What else was great in 'Him'? Let's bypass the hotness of Dawn at the Bronze (I am SO going to Hell) and instead focus on Willow's commiseration with Xander once they realized they were both lusting after the LAST person they ever expected to view as a sex object. Her "Right there with you" comment was the only line from this episode that made me shout "HOOOOO!" Then I put my arms in the air and waved 'em like I just didn't care.

I liked that everyone, writer Drew Greenberg included, got silly in 7.6. When things went split-screen to show the individual plans of Buffy, Dawn, Willow and Anya, complete with 70's wicka-wicka guitar, it was a whole new level of genre-specific parody that this series has never attempted before and, and just as was said at the beginning of the review, I respect their willingness to try something out of the ordinary.

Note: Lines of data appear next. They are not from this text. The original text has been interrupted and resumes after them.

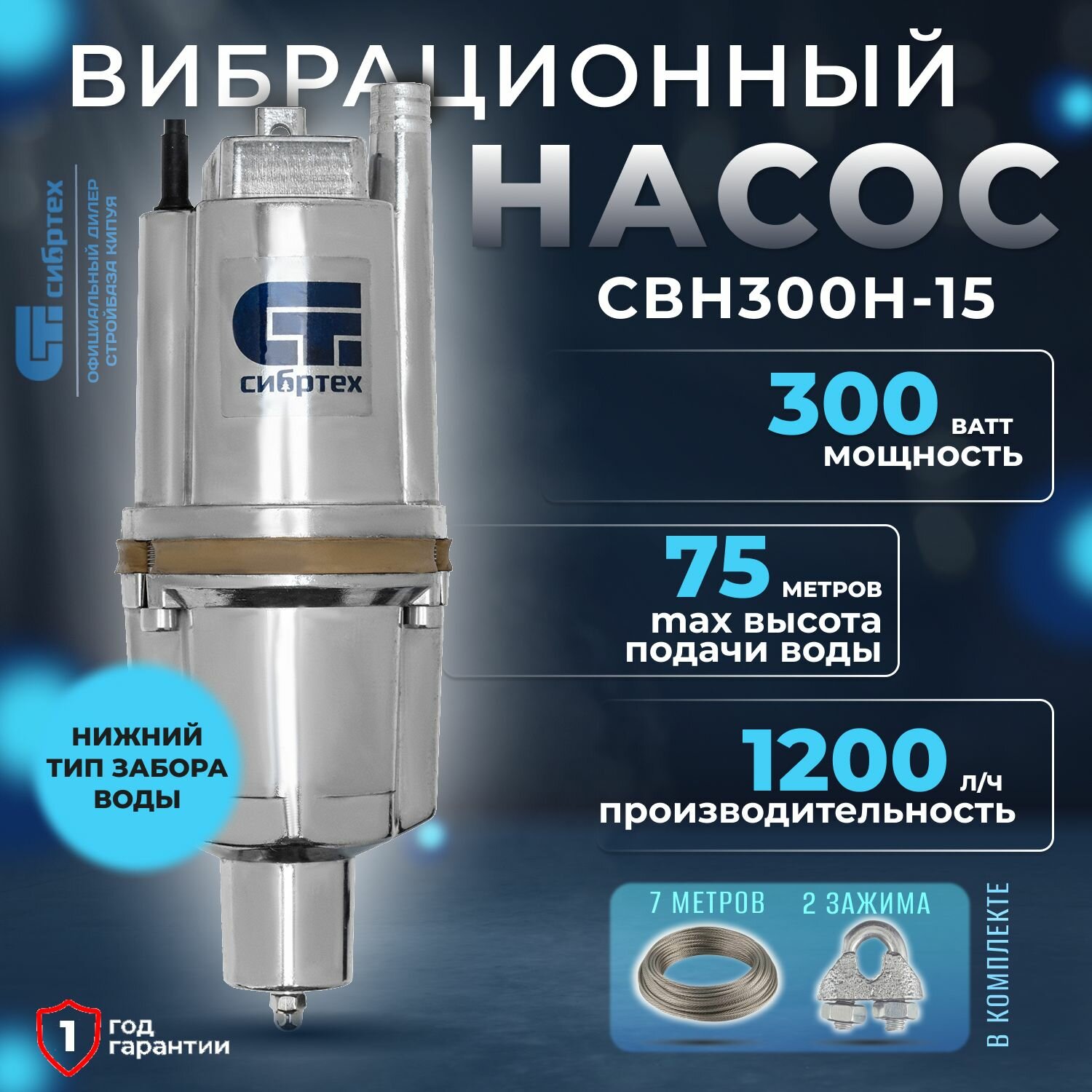 Вибрационный насос СВН300Н-15, нижний забор, 300 Вт, напор 75 м, 1200 л/ч, кабель 15 м Сибртех
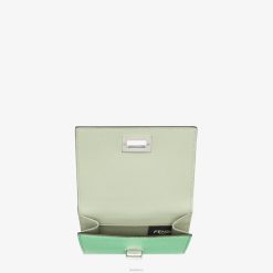 Cartera mediana peekaboo de tres pliegues, con compartimento para monedas con fuelle y cierre giratorio clásico. presenta un compartimento externo con cierre a presión, organizado con diez ranuras para tarjetas, dos bolsillos planos y dos compartimentos para billetes. Confección en piel cuoio romano verde. Forro de piel verde claro. Artículos metálicos con acabado en paladio.
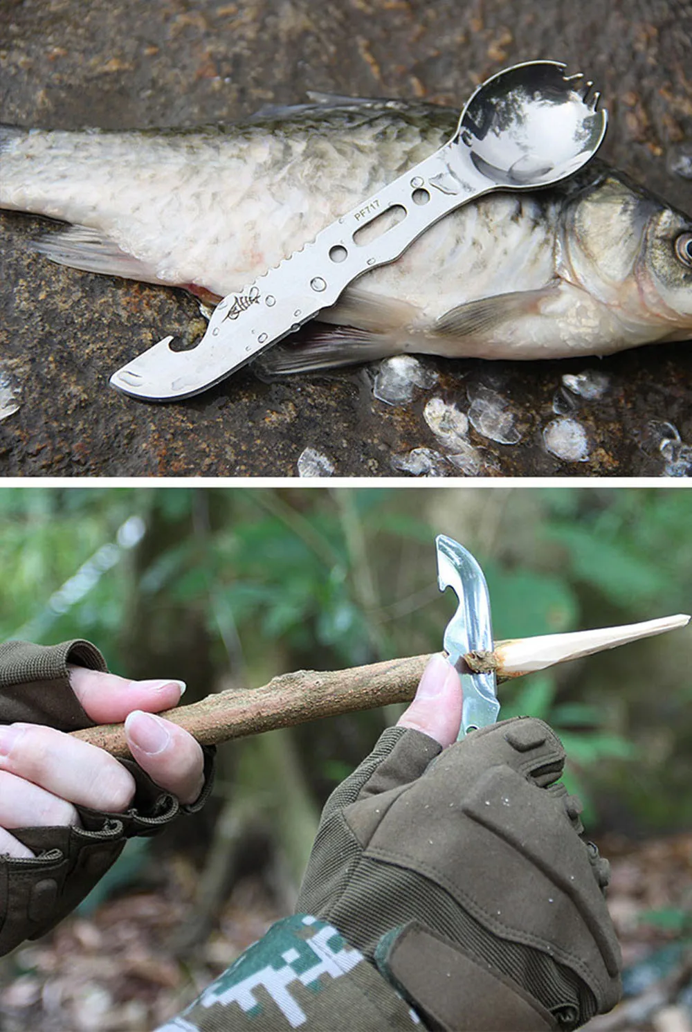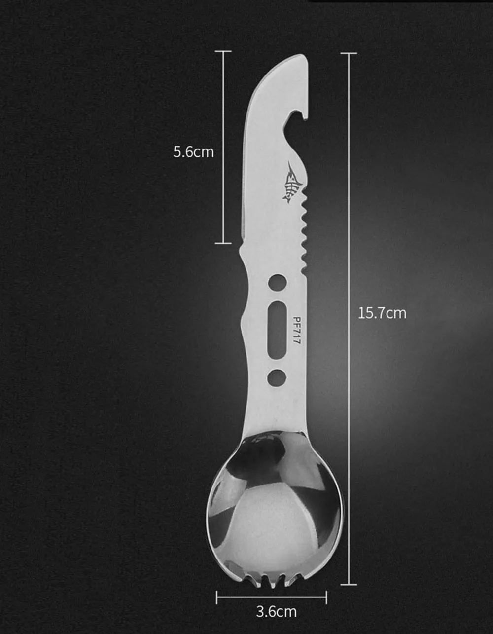 Изготовлен из нержавеющей стали, достаточно прочный и прочный.С открывалкой для бутылок, это удобно для вас.Дизайн вилки и ложки, можно использовать в качестве посуды.Многофункциональный, отлично подходит для путешествий на открытом воздухе.Экологичный и Безопасный в использовании.В пределах ложки, вилки, открывалка для бутылок, консервный нож, свисток, рыбные чешуи и гарпунОтличные маленькие подарки для друзей и родственников.

I also loved Buffy's attempt on Principal Wood's life. It was funny to see the infamous rocket launcher from Season 2 make an appearance, and the whole Benny Hill sketch that went on outside Wood's window as he remained oblivious was the funniest part of the episode and possibly of the season thus far. Xander & Spike's elaborate plan to get the jacket from RJ at the episode's conclusion was another example of an almost Simpsons-like brand of humour.

So while episode 7.6 didn't give us much in the way of plot development (Anya's a Scoob again, Spike moved in with Xander, and everyone knows he has a soul) and it was totally lacking dramatic punch, I was sufficiently entertained by the love-spell silliness to call this one a checkmark in the win column. I'm electing to overlook the ongoing absurdity of Buffy's track record as a guidance counselor, since every week she does something that would get her fired from any school anywhere, and it appears that we're just going to have to accept that, like slaying, she operates above the law. She's always willing to break the rules or write a few of her own, all in the name of the greater good and getting the job done. In this way she's just like our Mr. Whedon.

Take care, everybody.

PS – As an addendum to my review for 'Selfless', Kit B gets credit for being the only person I know who was able to confirm that the Swedish spoken by Anya and Olaf was genuine and, from what she could tell, accurate. It's a testament both to Mutant Enemy's attention to detail and her own well-rounded base of knowledge. I confess that they could have fooled me with gibberish, my familiarity with Swedish being what it is.